Validating ambulatory gait assessment technique for hazard sensing in construction environments

Abstract

Wearable sensing technology offers the opportunity to collect an individual's physical response data in occupational settings; recent studies highlight the usefulness of such data for safety management on a construction site. The authors previously studied a worker's gait movements (measured by Wearable Inertial Measurement Units, WIMUs), providing evidence for the pertinence of collecting workers gait information to identify fall hazards in a steelwork environment. However, gait parameter measurement accuracy has not been examined in settings with different walk-path conditions and hazards, like those in construction environments. To address this knowledge gap, this study evaluates the accuracy of a WIMU-based gait parameter measurement and examines each gait parameter's ability to distinguish hazardous conditions.

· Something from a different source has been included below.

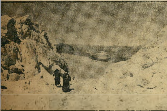
נוף מדבר נכלל גם הוא בין צלומיו האחרונים של דן גלעד. בסיוריו לא צייל דן מעולם אנשים או פרופוסים. מצלמתו היתה המחוסן בו אגר את רשמיו הנופים בהם עבר.

Data collection was performed in a laboratory environment with both a WIMU-based system and a marker-based motion tracking system (i.e., the reference system). The presented WIMU-based approach resulted in a 6.48 mean absolute percentage error (MAPE) in a non-hazard condition and manifested comparable performance for distinguishing hazardous environments compared to the reference motion tracking system. The results of this study indicate the validity of an ambulatory gait parameter measurement and demonstrate an opportunity to measure changes in gait parameter values caused by hazards.